To display the string we can simply replace our semantic attribute with a given font attribute. For this we prepare an attribute container with our name attribute and another one with the font attribute as an replacement. Finally we create our string to display using the replacingAttributes(_:with:) method:

var nameContainer = AttributeContainer() nameContainer[SemanticAttributeKey.self] = .name let boldContainer = AttributeContainer.font(.body.bold()) let displayString = attributed.replacingAttributes(nameContainer, with: boldContainer)
Code language: Swift (swift)

Would be nice to directly have a property for our semantic attribute, just as .font provided by Apple.

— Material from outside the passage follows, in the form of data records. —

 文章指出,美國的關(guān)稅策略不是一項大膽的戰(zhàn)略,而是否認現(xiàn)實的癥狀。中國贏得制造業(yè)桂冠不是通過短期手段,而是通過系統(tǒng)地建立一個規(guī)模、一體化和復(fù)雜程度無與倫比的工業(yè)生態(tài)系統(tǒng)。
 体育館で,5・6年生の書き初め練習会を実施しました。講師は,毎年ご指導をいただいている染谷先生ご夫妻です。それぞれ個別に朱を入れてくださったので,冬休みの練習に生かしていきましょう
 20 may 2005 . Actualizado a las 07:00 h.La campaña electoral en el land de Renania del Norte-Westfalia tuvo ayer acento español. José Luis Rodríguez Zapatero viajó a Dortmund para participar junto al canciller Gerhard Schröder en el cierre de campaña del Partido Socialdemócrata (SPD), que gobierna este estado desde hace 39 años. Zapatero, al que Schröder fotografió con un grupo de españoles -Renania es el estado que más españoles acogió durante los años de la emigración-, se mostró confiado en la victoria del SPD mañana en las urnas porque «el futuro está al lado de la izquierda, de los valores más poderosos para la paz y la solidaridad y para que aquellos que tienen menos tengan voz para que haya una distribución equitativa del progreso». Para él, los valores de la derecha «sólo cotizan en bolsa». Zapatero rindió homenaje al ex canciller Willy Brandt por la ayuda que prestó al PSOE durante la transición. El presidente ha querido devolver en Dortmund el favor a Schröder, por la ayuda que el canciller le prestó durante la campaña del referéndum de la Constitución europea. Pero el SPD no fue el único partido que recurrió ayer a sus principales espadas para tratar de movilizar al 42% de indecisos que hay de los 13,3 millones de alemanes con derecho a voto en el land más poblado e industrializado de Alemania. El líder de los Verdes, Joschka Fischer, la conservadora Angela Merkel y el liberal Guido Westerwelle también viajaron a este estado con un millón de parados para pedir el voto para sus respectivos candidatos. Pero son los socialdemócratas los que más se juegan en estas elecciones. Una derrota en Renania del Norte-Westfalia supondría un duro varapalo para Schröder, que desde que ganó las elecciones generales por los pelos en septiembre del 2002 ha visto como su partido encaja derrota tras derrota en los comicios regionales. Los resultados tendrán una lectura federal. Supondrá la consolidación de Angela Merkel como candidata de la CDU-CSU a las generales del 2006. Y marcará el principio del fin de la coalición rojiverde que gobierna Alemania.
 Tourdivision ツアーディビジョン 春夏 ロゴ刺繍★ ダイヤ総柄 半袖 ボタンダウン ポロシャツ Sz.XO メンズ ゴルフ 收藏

We could define a bunch of extensions on AttributedString, AttributedSubstring, AttributeContainer and so on. But thanks to @dynamicMemberLookup and key paths there is an easier way.

First we need to define an attribute scope. That is a simple struct conforming to the AttributeScope protocol inside an extension of AttributeScopes. There we also need to define a property that returns the type of our scope. Inside of our scope we simply add a let property for each of our attribute keys.

We can even move our attribute key definitions inside the scope, as we won’t have to use the type name in subscripts any more.

Finally we define an extension on AttributeDynamicLookup which provides a dynamicMember subscript for a key path from our scope to any AttributedStringKey.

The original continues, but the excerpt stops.